Items listed in a dataset:
· · · · · · ·

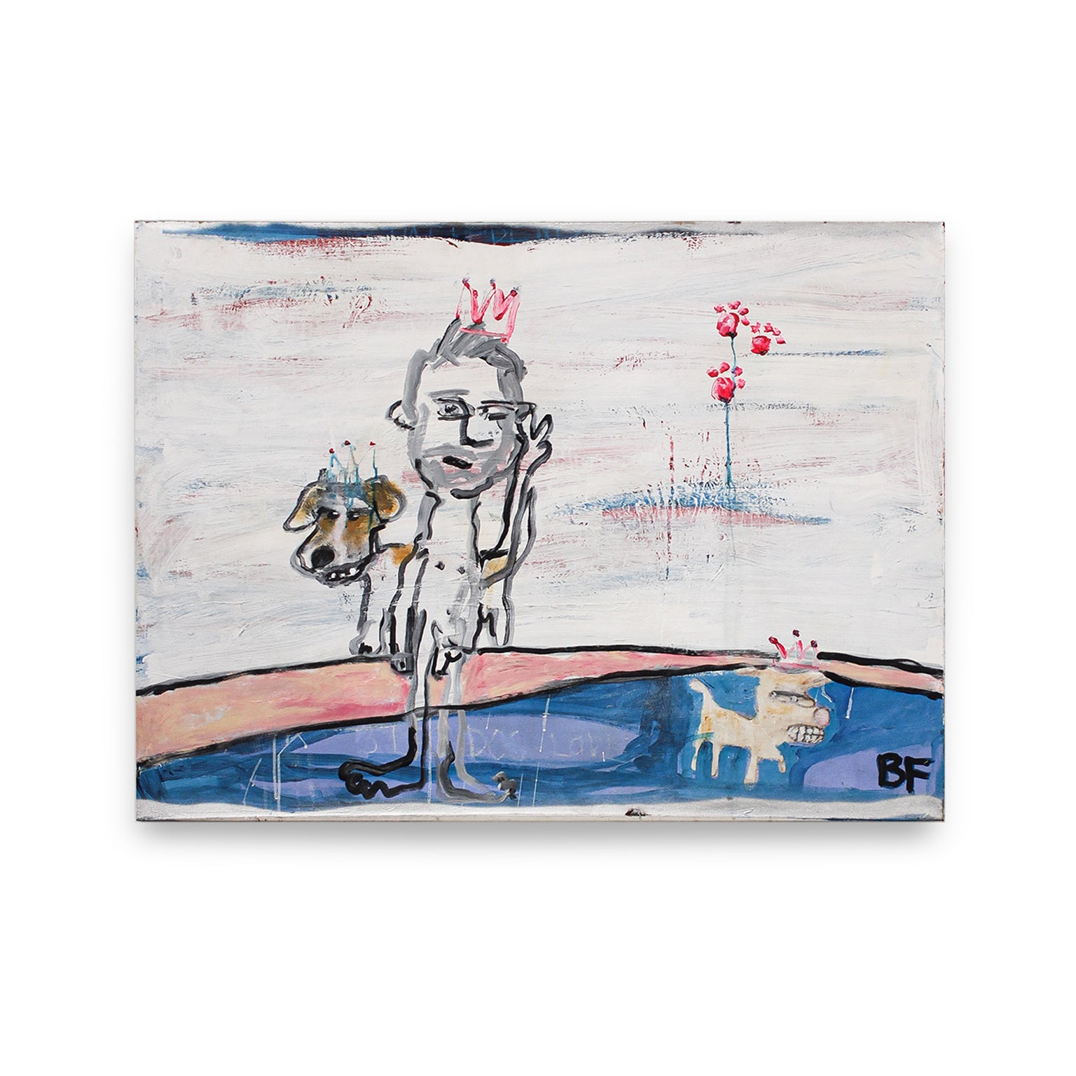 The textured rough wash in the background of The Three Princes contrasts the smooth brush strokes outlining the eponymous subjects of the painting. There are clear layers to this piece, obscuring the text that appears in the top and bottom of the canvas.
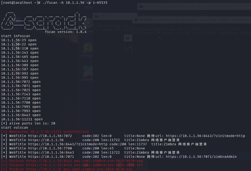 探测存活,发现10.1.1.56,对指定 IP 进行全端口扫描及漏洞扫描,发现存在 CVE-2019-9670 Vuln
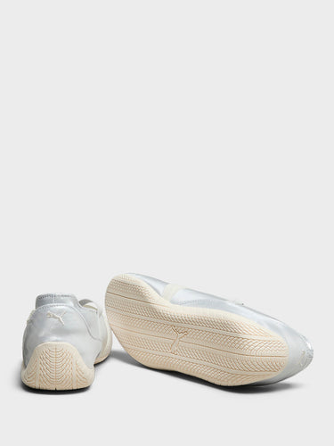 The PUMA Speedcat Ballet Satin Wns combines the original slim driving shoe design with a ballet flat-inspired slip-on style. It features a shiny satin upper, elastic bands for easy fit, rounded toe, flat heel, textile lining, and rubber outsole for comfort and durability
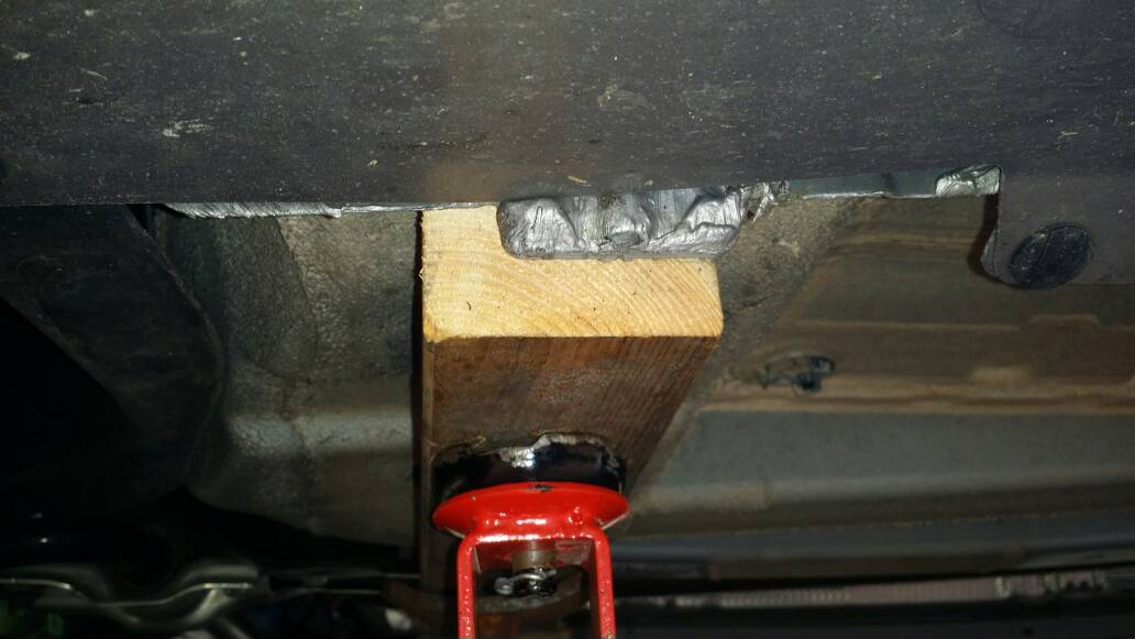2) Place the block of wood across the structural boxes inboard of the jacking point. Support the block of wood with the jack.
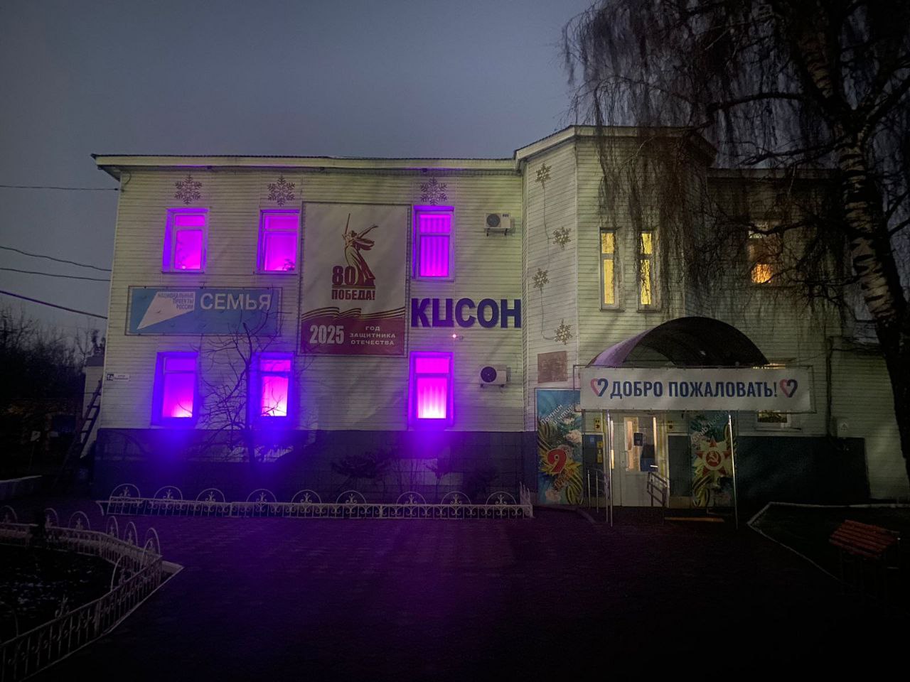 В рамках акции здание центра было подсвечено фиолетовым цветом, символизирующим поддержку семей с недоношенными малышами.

· · · · · · ·

» **Action item**
I would like the lines from the one with "2) Place the" through the last line of the data above retyped exactly, with pictures left out, please.

» **Task output**
2) Place the block of wood across the structural boxes inboard of the jacking point. Support the block of wood with the jack.
 В рамках акции здание центра было подсвечено фиолетовым цветом, символизирующим поддержку семей с недоношенными малышами.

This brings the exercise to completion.